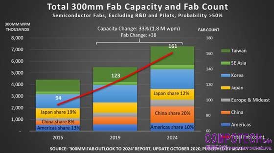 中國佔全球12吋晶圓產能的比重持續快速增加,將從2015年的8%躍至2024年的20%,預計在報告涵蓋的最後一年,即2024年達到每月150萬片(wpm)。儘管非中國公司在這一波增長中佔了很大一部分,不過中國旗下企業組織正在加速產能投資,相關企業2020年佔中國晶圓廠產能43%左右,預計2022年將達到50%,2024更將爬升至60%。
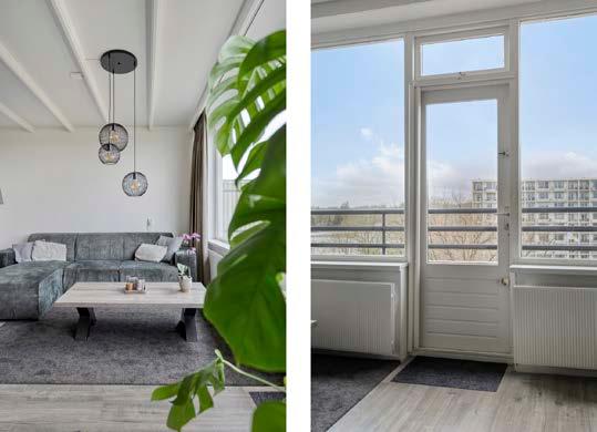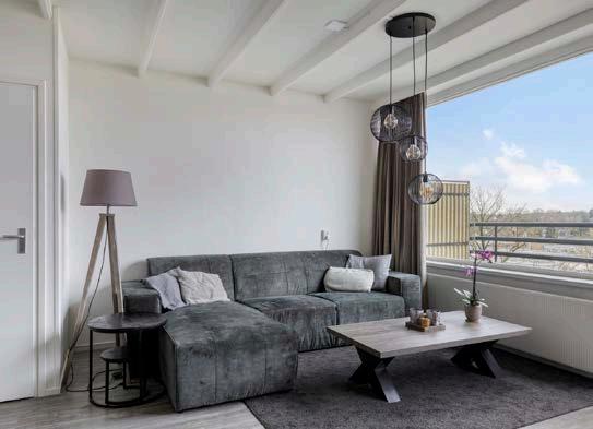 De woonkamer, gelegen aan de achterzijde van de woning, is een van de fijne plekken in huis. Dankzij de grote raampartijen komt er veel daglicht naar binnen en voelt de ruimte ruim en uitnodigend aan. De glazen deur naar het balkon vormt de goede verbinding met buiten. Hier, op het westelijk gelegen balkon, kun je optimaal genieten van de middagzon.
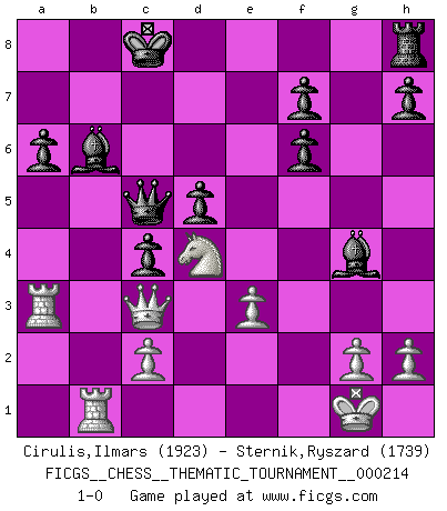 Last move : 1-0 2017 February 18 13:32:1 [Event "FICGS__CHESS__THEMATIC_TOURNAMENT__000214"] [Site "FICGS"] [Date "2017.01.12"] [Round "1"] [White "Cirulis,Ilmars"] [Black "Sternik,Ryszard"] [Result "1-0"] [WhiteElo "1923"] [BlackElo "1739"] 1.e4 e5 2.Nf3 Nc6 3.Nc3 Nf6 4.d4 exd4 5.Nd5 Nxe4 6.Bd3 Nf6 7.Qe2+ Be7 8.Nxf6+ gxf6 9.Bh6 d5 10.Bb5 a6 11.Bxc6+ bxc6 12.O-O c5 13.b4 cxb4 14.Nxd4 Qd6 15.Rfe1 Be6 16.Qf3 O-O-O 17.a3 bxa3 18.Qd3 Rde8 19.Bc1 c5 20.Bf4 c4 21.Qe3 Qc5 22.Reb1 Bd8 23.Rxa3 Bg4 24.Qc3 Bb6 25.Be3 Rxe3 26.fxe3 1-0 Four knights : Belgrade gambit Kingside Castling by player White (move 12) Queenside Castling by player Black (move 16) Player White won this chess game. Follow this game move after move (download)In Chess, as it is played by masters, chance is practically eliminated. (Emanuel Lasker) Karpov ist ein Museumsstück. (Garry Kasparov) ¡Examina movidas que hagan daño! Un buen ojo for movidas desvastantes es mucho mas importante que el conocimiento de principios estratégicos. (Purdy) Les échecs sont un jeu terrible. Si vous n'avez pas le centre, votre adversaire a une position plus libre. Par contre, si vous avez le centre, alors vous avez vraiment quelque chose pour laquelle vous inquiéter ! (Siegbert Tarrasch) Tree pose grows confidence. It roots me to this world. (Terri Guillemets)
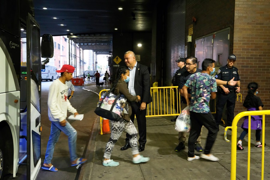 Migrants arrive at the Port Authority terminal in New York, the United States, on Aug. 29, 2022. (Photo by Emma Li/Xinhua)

ASSIGNMENT:
Although the material contains pictures, only the lines are to be written out, exactly as they stand.

PROBLEM SOLUTION:
 中國佔全球12吋晶圓產能的比重持續快速增加,將從2015年的8%躍至2024年的20%,預計在報告涵蓋的最後一年,即2024年達到每月150萬片(wpm)。儘管非中國公司在這一波增長中佔了很大一部分,不過中國旗下企業組織正在加速產能投資,相關企業2020年佔中國晶圓廠產能43%左右,預計2022年將達到50%,2024更將爬升至60%。
 De woonkamer, gelegen aan de achterzijde van de woning, is een van de fijne plekken in huis. Dankzij de grote raampartijen komt er veel daglicht naar binnen en voelt de ruimte ruim en uitnodigend aan. De glazen deur naar het balkon vormt de goede verbinding met buiten. Hier, op het westelijk gelegen balkon, kun je optimaal genieten van de middagzon.
 Last move : 1-0 2017 February 18 13:32:1 [Event "FICGS__CHESS__THEMATIC_TOURNAMENT__000214"] [Site "FICGS"] [Date "2017.01.12"] [Round "1"] [White "Cirulis,Ilmars"] [Black "Sternik,Ryszard"] [Result "1-0"] [WhiteElo "1923"] [BlackElo "1739"] 1.e4 e5 2.Nf3 Nc6 3.Nc3 Nf6 4.d4 exd4 5.Nd5 Nxe4 6.Bd3 Nf6 7.Qe2+ Be7 8.Nxf6+ gxf6 9.Bh6 d5 10.Bb5 a6 11.Bxc6+ bxc6 12.O-O c5 13.b4 cxb4 14.Nxd4 Qd6 15.Rfe1 Be6 16.Qf3 O-O-O 17.a3 bxa3 18.Qd3 Rde8 19.Bc1 c5 20.Bf4 c4 21.Qe3 Qc5 22.Reb1 Bd8 23.Rxa3 Bg4 24.Qc3 Bb6 25.Be3 Rxe3 26.fxe3 1-0 Four knights : Belgrade gambit Kingside Castling by player White (move 12) Queenside Castling by player Black (move 16) Player White won this chess game. Follow this game move after move (download)In Chess, as it is played by masters, chance is practically eliminated. (Emanuel Lasker) Karpov ist ein Museumsstück. (Garry Kasparov) ¡Examina movidas que hagan daño! Un buen ojo for movidas desvastantes es mucho mas importante que el conocimiento de principios estratégicos. (Purdy) Les échecs sont un jeu terrible. Si vous n'avez pas le centre, votre adversaire a une position plus libre. Par contre, si vous avez le centre, alors vous avez vraiment quelque chose pour laquelle vous inquiéter ! (Siegbert Tarrasch) Tree pose grows confidence. It roots me to this world. (Terri Guillemets)
 Migrants arrive at the Port Authority terminal in New York, the United States, on Aug. 29, 2022. (Photo by Emma Li/Xinhua)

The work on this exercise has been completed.